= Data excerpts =

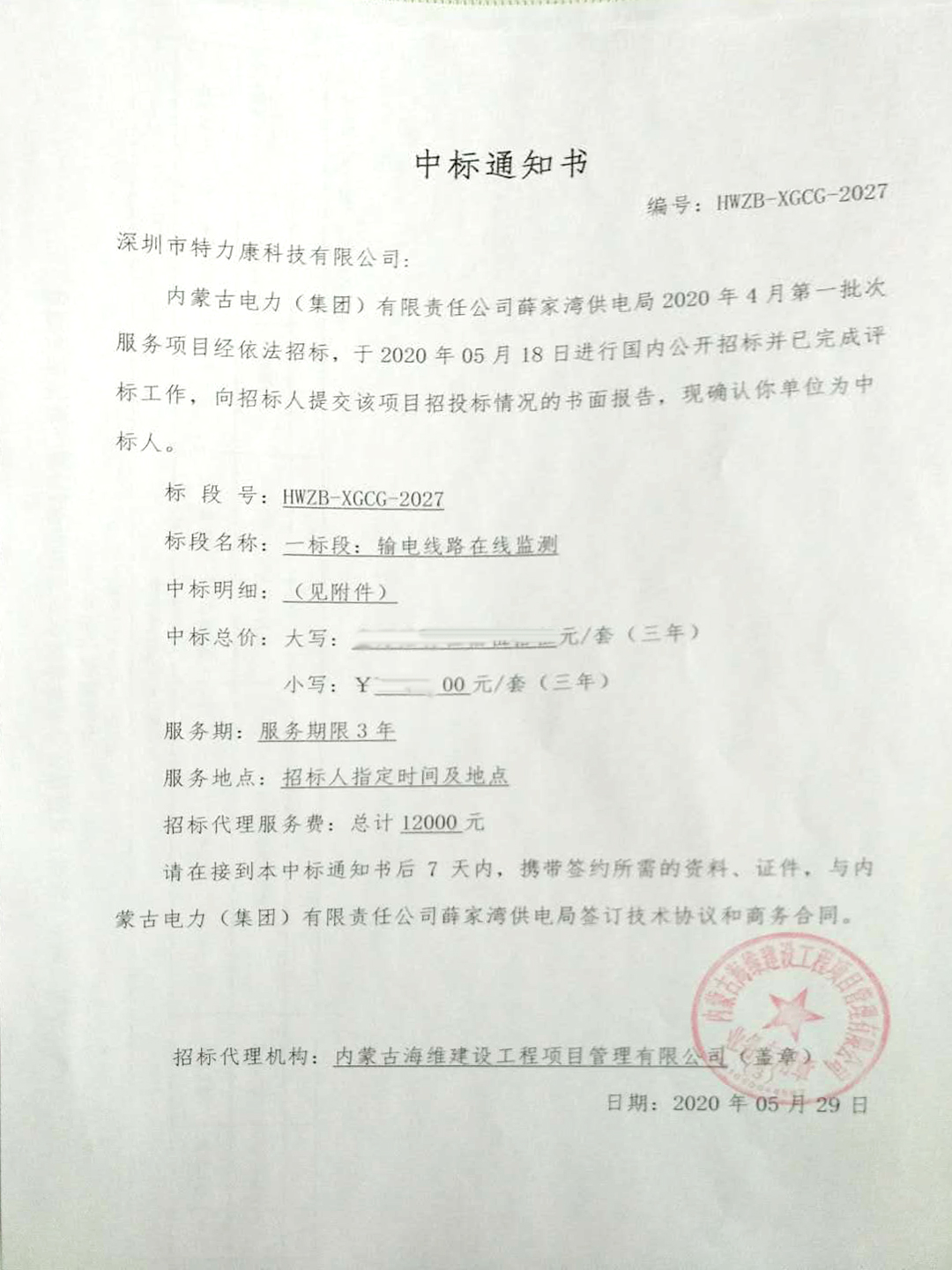 內(nèi)蒙古電力(集團(tuán))有限責(zé)任公司薛家灣供電局2020年4月第一批次服務(wù)項(xiàng)目(一標(biāo)段:輸電線路在線監(jiān)測(cè))經(jīng)依法招標(biāo),于2020年05月18日進(jìn)行國(guó)內(nèi)公開(kāi)招標(biāo)并已完成評(píng)標(biāo)工作,向招標(biāo)人提交該項(xiàng)目招投標(biāo)情況的書(shū)面報(bào)告,現(xiàn)確認(rèn)我司(深圳市特力康科技有限公司)為中標(biāo)人。特發(fā)中標(biāo)通知書(shū),如下:
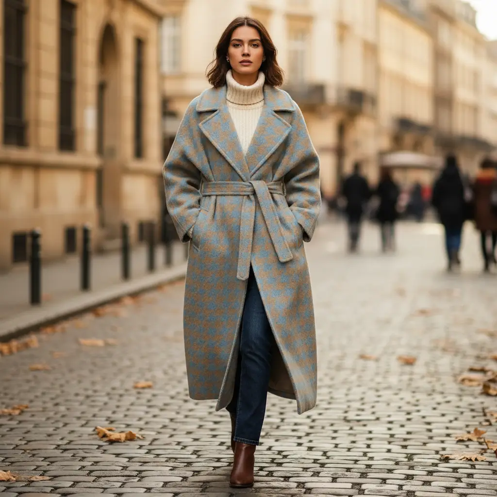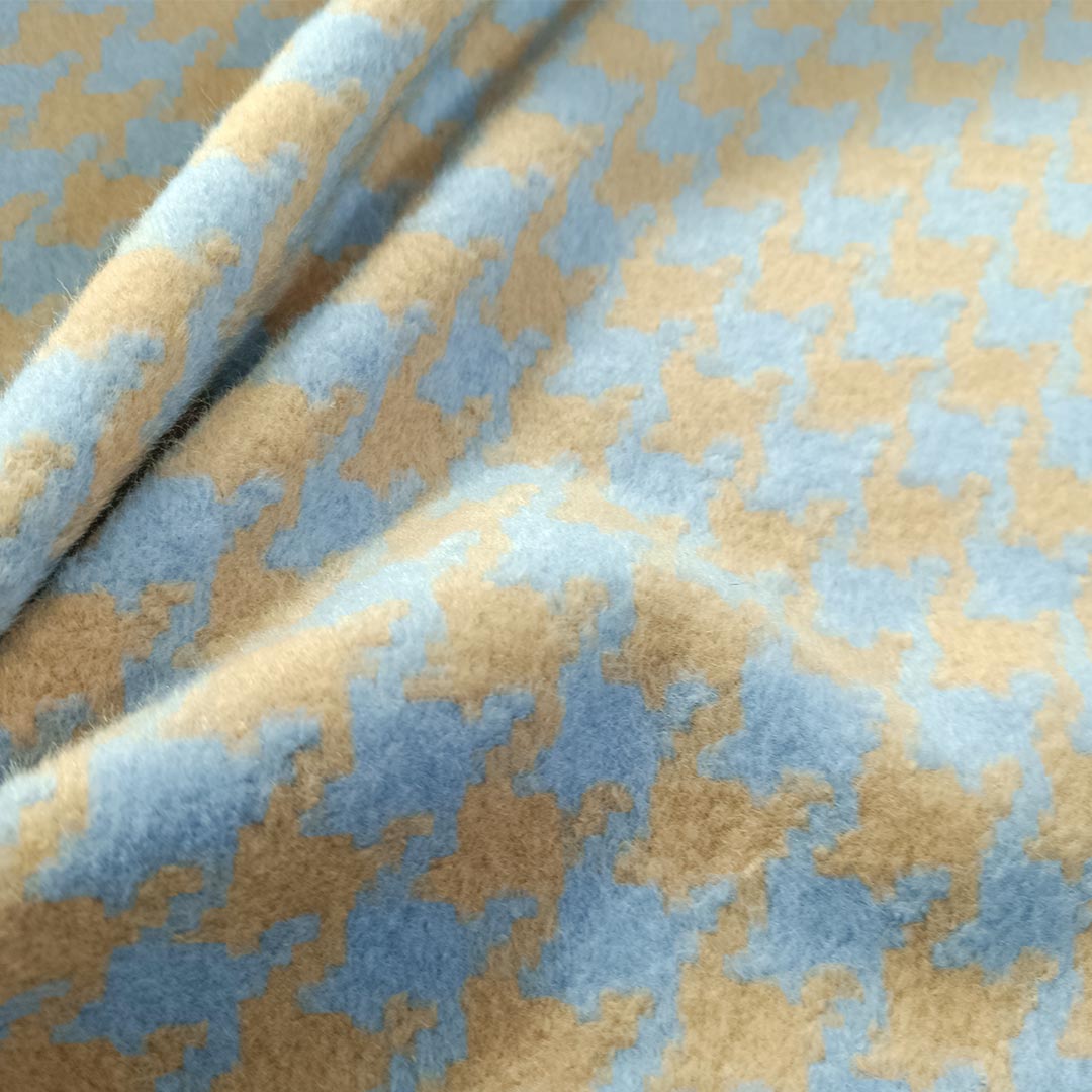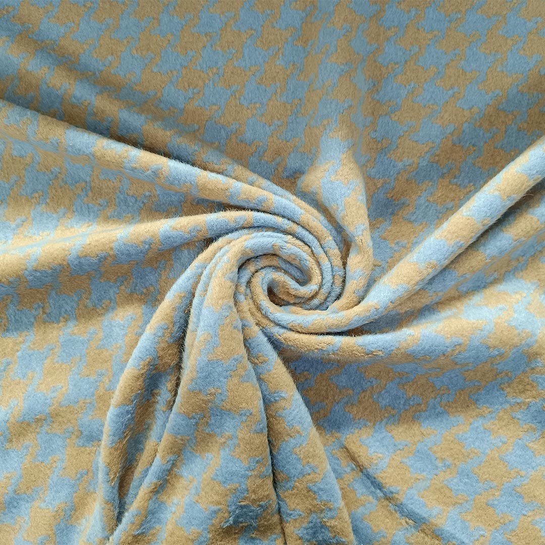 Tessuto per cappotto motivo pied de poule beige – celeste
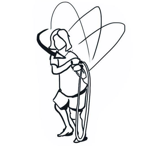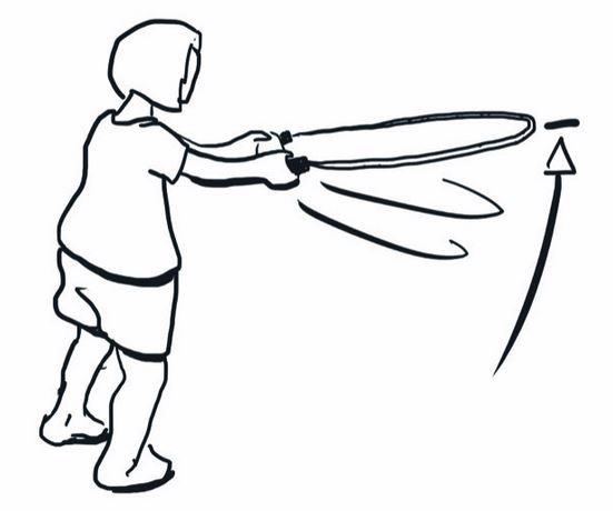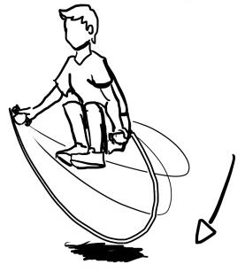 - Aus dem Rückwärtsspringen die Arme nach vorne strecken und die Seildrehung damit stoppen
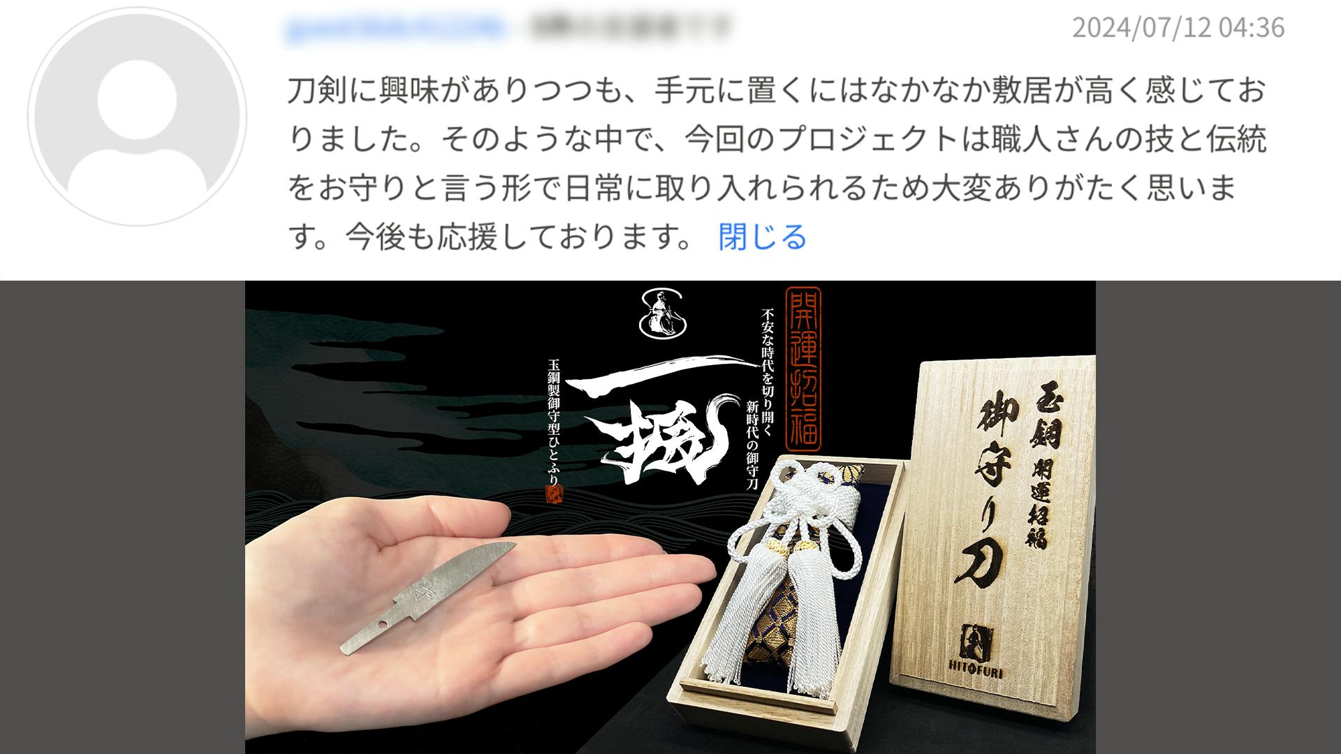 HITOFURIプロジェクトがお届けする「御守型ひとふり」は、
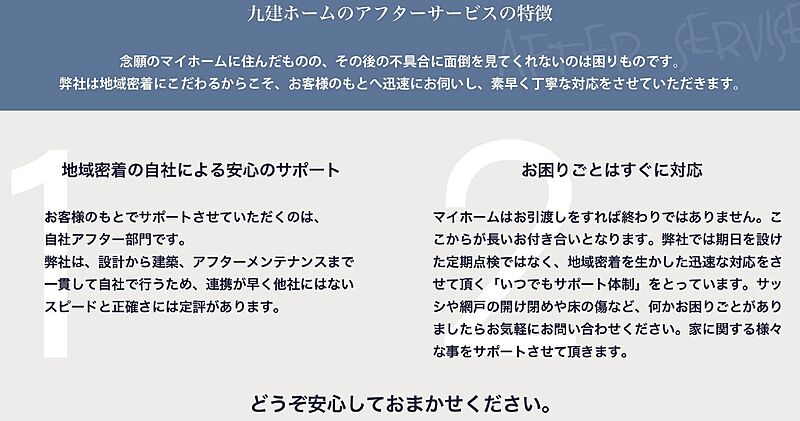魅力3 信頼と実績を誇る、九建ホームの家。万全なアフターフォローで安心!
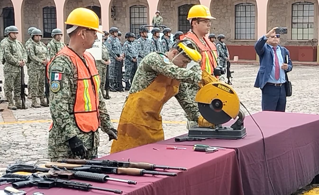 La Secretaría de la Defensa Nacional (Sedena) llevó a cabo este día la destrucción de más de 400 armas de fuego y más de 26 mil cartuchos en un acto encabezado por el General Juan Bravo Velázquez, comandante de la XXI Zona Militar, quien subrayó el carácter simbólico de esta acción en el contexto de los desafíos de seguridad que enfrenta Michoacán.
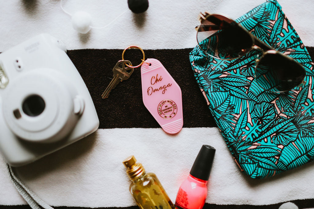 Show off your Chi Omega sorority letters with our NEW Vintage Motel Key Inspired Keychain! 😍
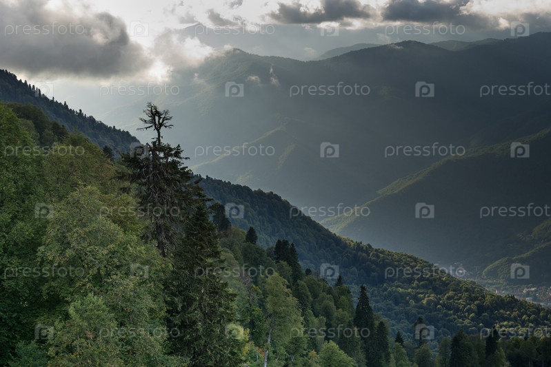 Горный пейзаж на фоне облачного неба и солнечных лучей

= Aim of the exercise =
Word for word, write out each line from the one with "Show off your" through the end of the entries above, and omit any pictures.

= Answer section =
 Show off your Chi Omega sorority letters with our NEW Vintage Motel Key Inspired Keychain! 😍
 Горный пейзаж на фоне облачного неба и солнечных лучей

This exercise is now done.